- Visual Pinball X (10.6, 2019) rendition of Williams' Tales of the Arabian Nights (1996)
- Developers: Initially Randy Davis, continued by various Open Source contributors
- Initial release: December 19, 2000; 24 years ago
- Stable release: 10.8.0 / 29 January 2025; 9 months ago
- Repository: github.com/vpinball/vpinball
- Operating system: Microsoft Windows
- Type: Pinball
- License: Freeware for non-commercial use with source code available (the original MAME license)
- Website: vpforums.org

= Visual Pinball =

Free and source available video game engine

Visual Pinball ("VP") is a freeware and source available video game engine for pinball tables and similar games such as pachinko machines. It includes a table editor as well as the simulator itself, and runs on Microsoft Windows. It can be used with Visual PinMAME, an emulator for ROM images from real pinball machines.

A huge variety of user-created VP tables are available on the internet. Players can choose between faithful recreations of existing pinball machines, with or without ROM emulation, and original pinball simulations based on licensed or completely original themes. VP's scripting capabilities can also be used to create pinball-like games such as pitch-and-bat baseball, pinball bingo, bowling, cue sports, and pachinko.

VP can be used with common desktop PCs and monitors, but also supports "virtual pinball" cabinets, with various monitors and TVs used to display the playfield and backbox, similar to a real pinball machine. 3D televisions are supported; and recent versions support touch controls for playing on tablet computers and smartphones.

In February 2010, VP's source code was released under a license allowing free non-commercial use.

== Design ==
Every Visual Pinball table includes two main parts: the "physical" playfield design, and the script that determines table gameplay, establishing the "wiring" of the emulation (through Visual PinMAME) to the table components such as lamps, switches and flippers.
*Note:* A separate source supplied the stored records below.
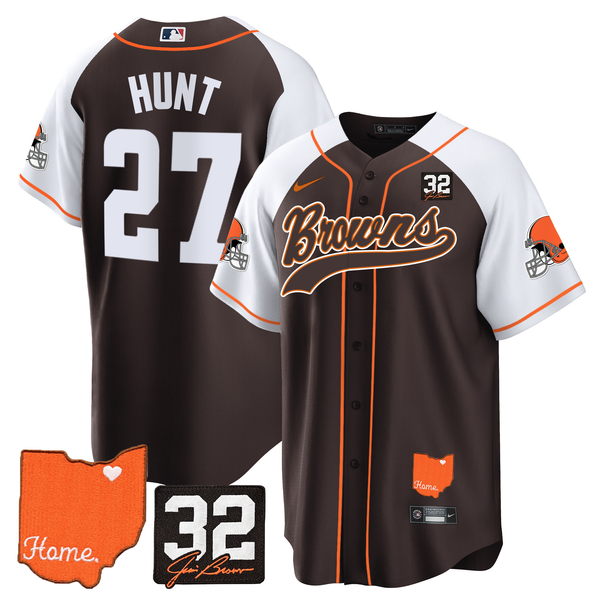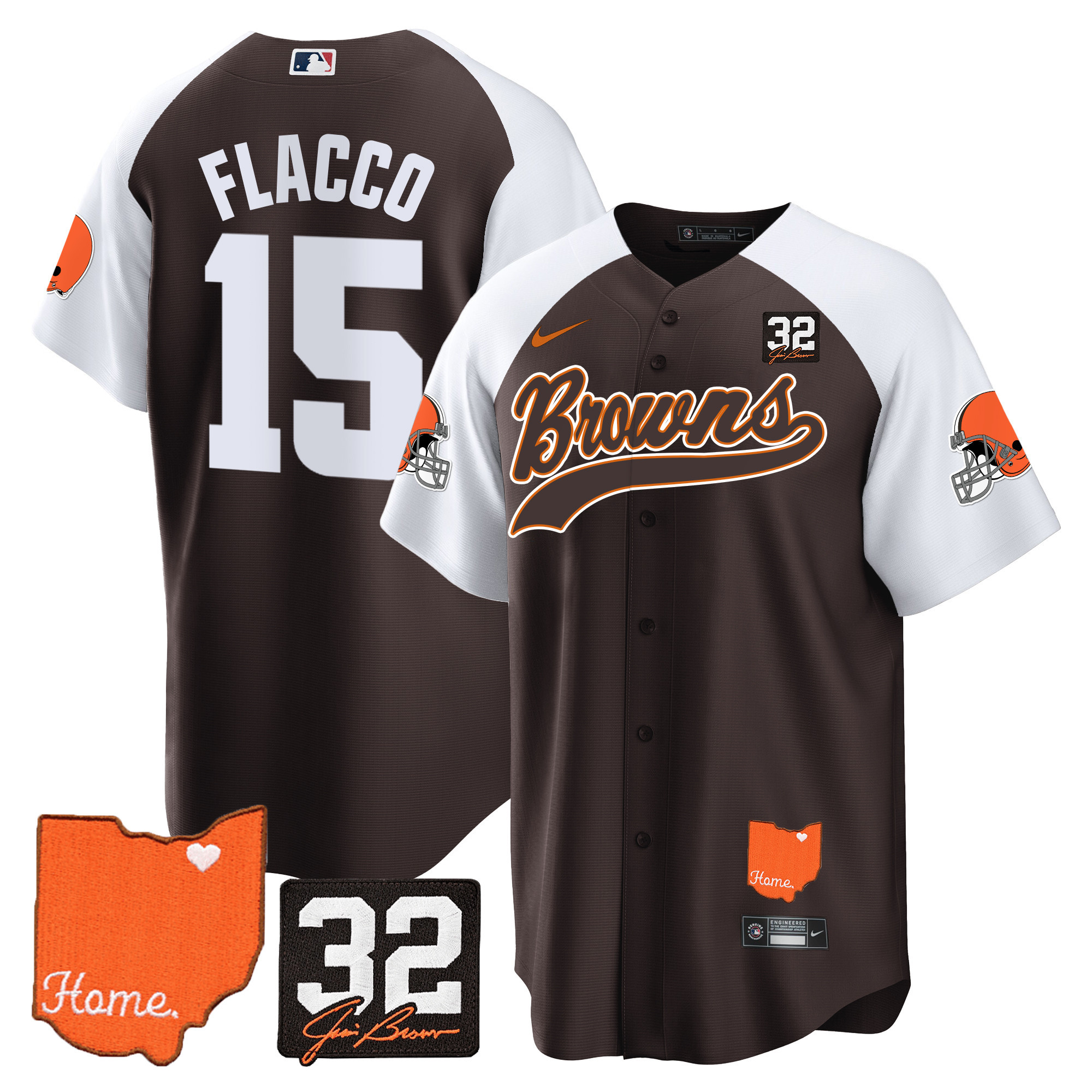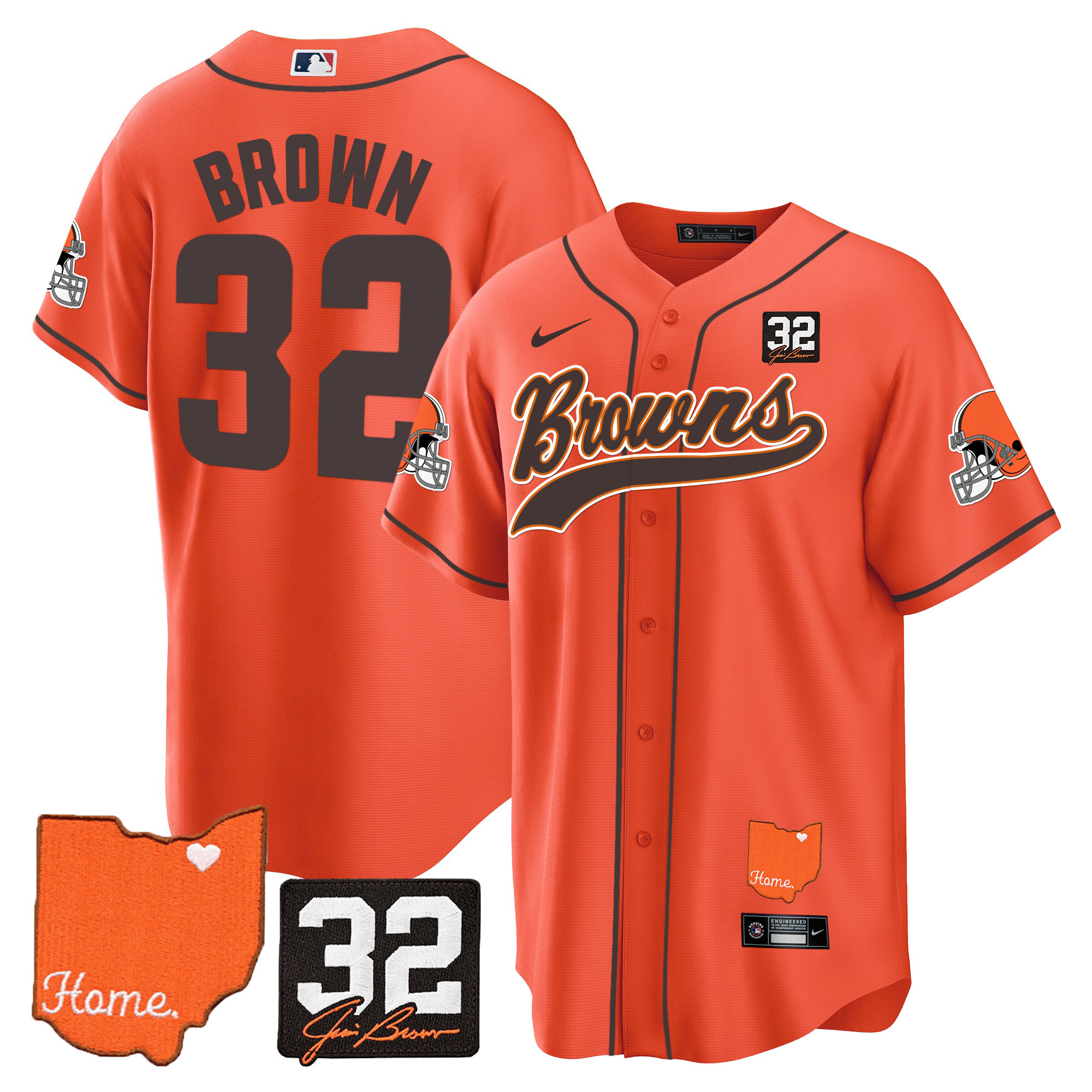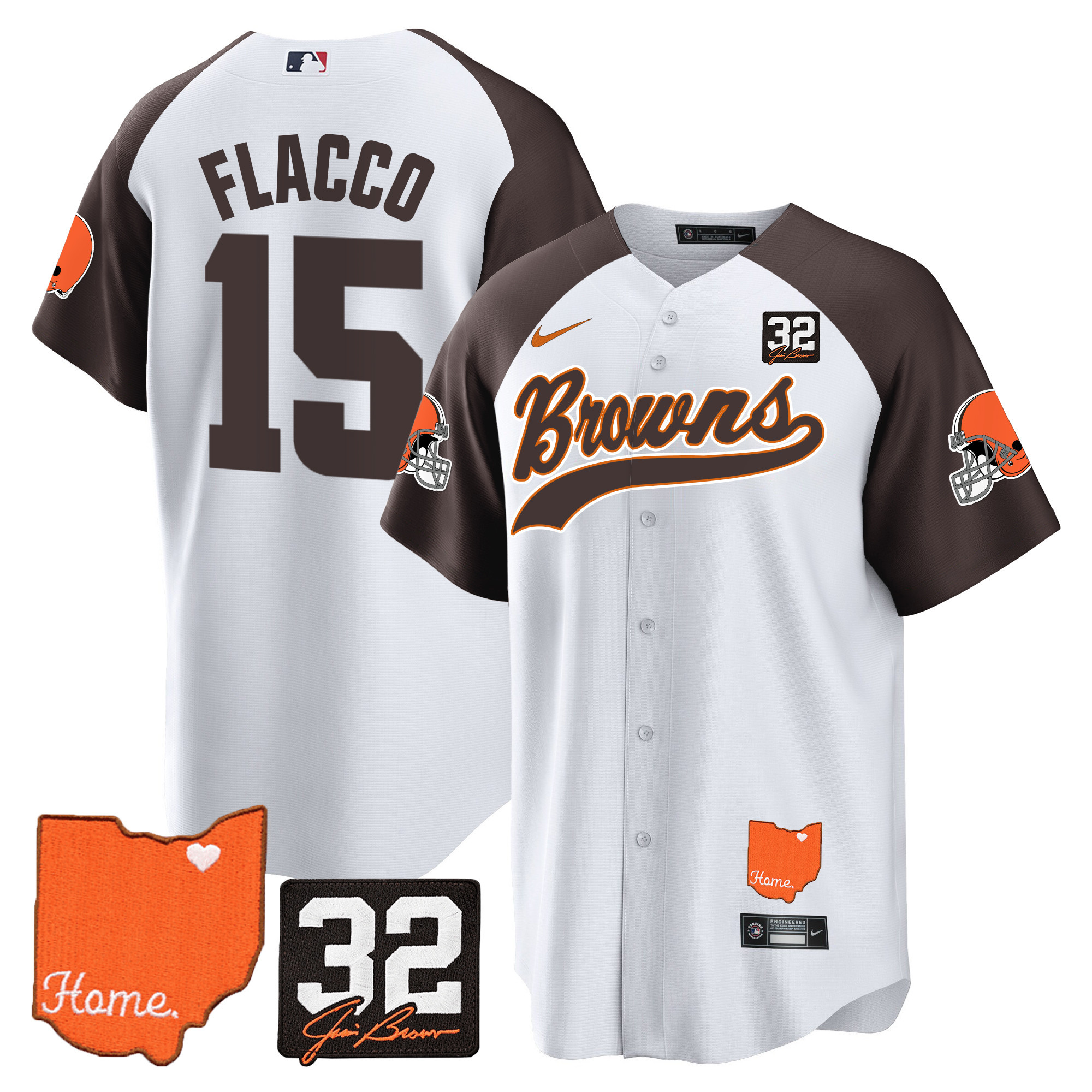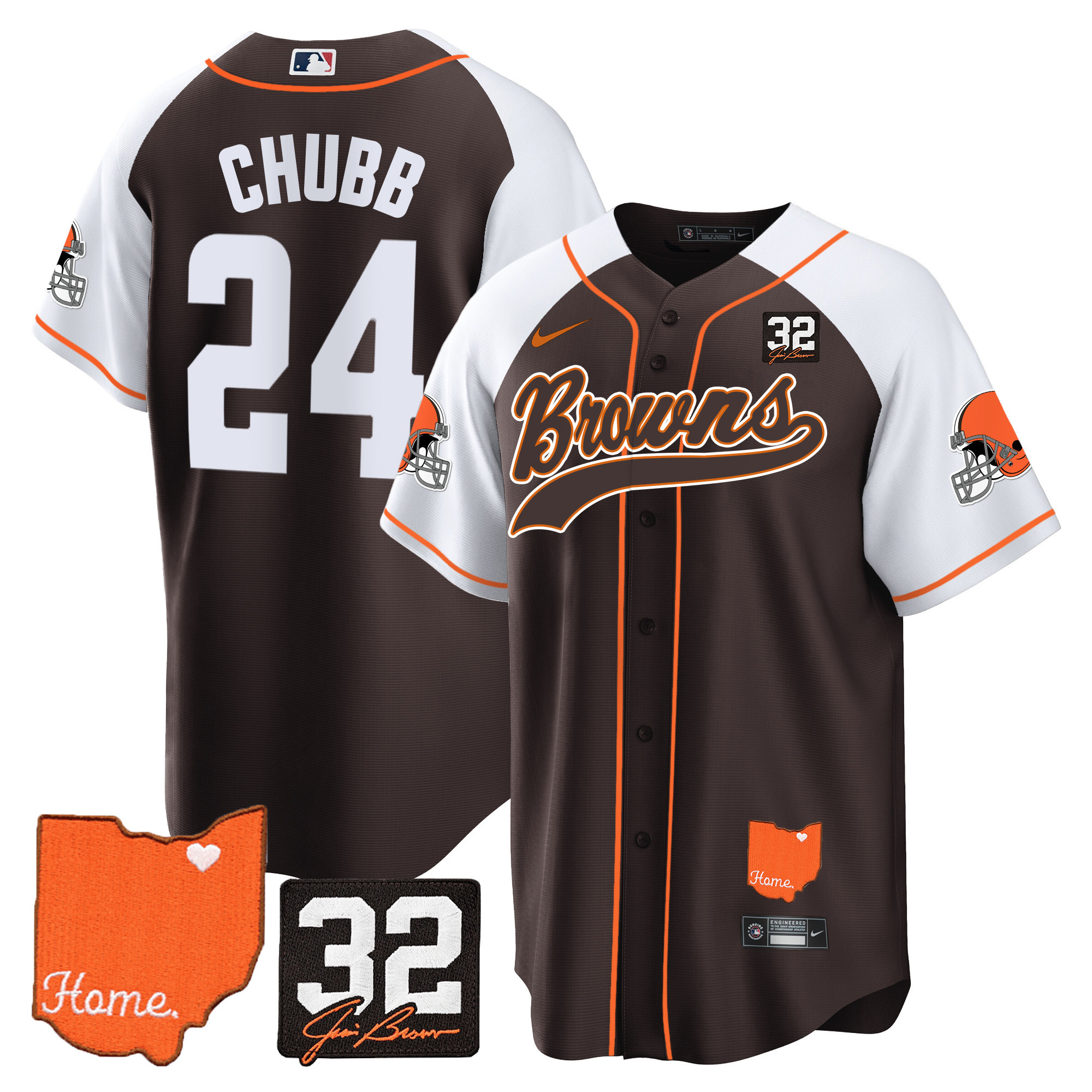Cleveland Browns ‘#32 Jim Brown Memorial & Home Patch’ Vapor Baseball Custom Jersey – All Stitched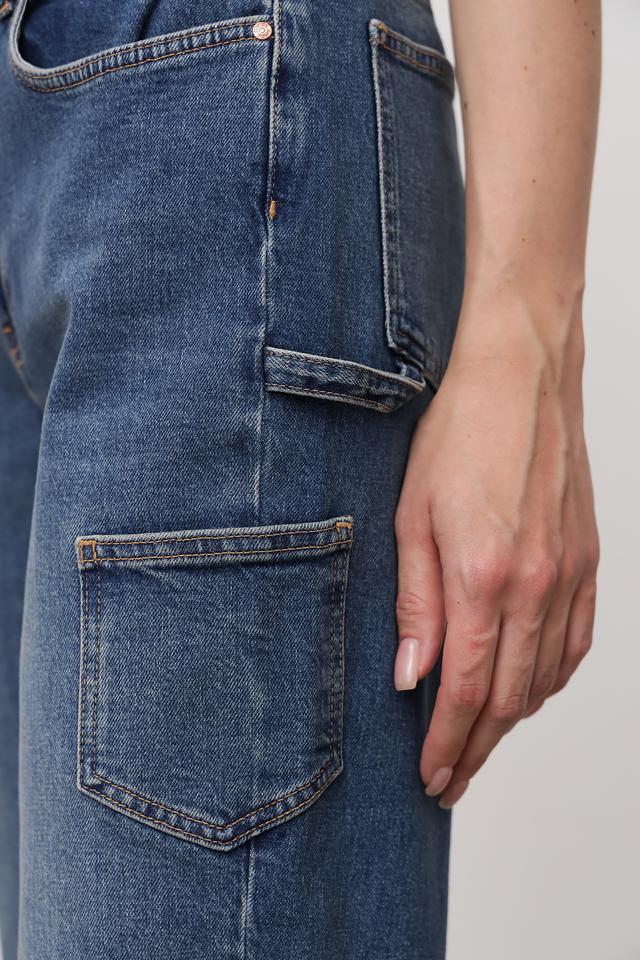 Джинсы оснащены функциональными накладными карманами на бедрах, что придает им практичный и современный вид. Изготовлены из высококачественного хлопка с добавлением 1% эластана, обеспечивающего комфорт при носке и хорошую посадку по фигуре.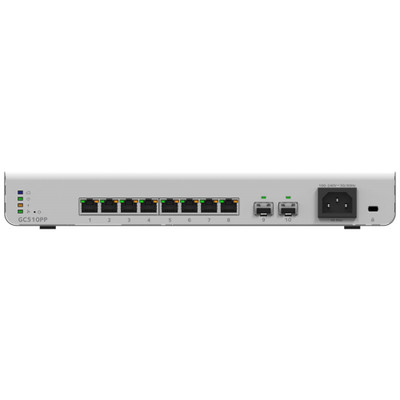 Netgear GC510P is a fully-integrated, cloud-managed network switch that offers 10 ports of Gigabit Ethernet speed with 8 ports of PoE+ power. GC510P has 8 RJ45 ports for copper that all support PoE, as well as 2 dedicated SFP ports for fiber. Part of the Netgear Insight Series of cloud-managed switches, GC510P lets you setup and monitor your network, even across multiple locations, from anywhere, on devices ranging from smartphones to tablets to laptops using the Netgear Insight app. The switch has a bandwidth of 20 Gbit/s, a total PoE+ power budget of 134W, and supports 256 VLANs. PoE+ power allows you to drive more power-intensive devices like IP security cameras.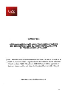 Ce rapport répond aux dispositions de l’article L. 542-2-1 du code de l’environnement, tel qu’issu de la loi n° 2006-739 du 28 juin 2006, par lequel le CEA, en tant qu’exploitant d’installations de traitement et de recherche, doit établir, tenir à jour et mettre à la disposition des autorités de contrôle, les informations relatives aux opérations portant sur des combustibles usés et des déchets radioactifs en provenance de l’étranger.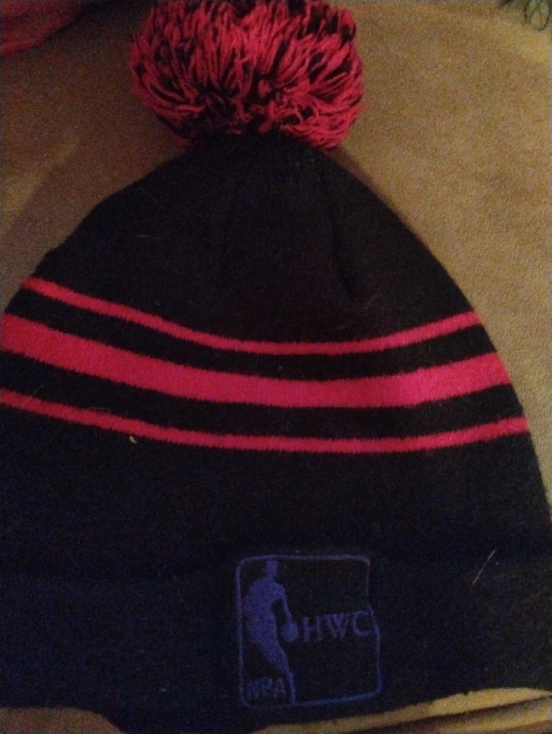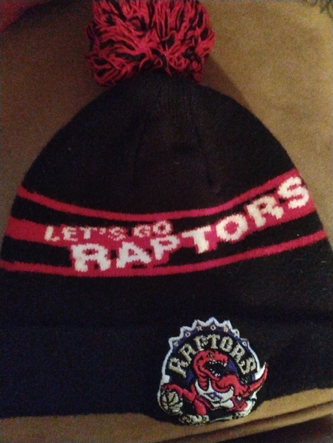 531Selling a Toronto Raptors beanie with a pom pom on top! It's black with red stripes and has the Raptors logo on the front. Great for showing your team spirit during the colder months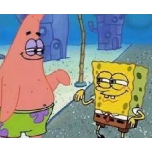 Patrick Star y Bob Esponja con gafas y expresiones divertidas en un escenario submarino.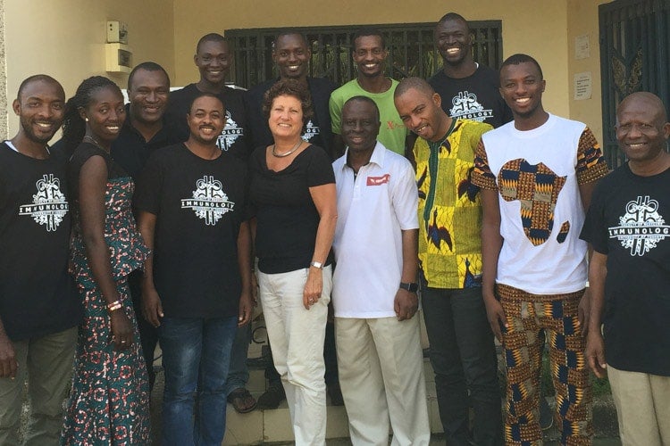 Eleanor Fish (fourth from left, bottom row) trained 11 Guinean health-care workers to do clinical trials during the pilot study (photo courtesy of Eleanor Fish)

The editor uses Microsoft VBScript for user programming. VP itself is written in C++ with the Active Template Library for making ActiveX controls. VP is based on DirectX, so it can run on any Windows version from Windows 98 on, but most recent VP versions require at least Windows XP due to modern Microsoft compilers abandoning older versions of the OS.

== History ==
Visual Pinball was released to the public on December 19, 2000, by programmer Randy Davis.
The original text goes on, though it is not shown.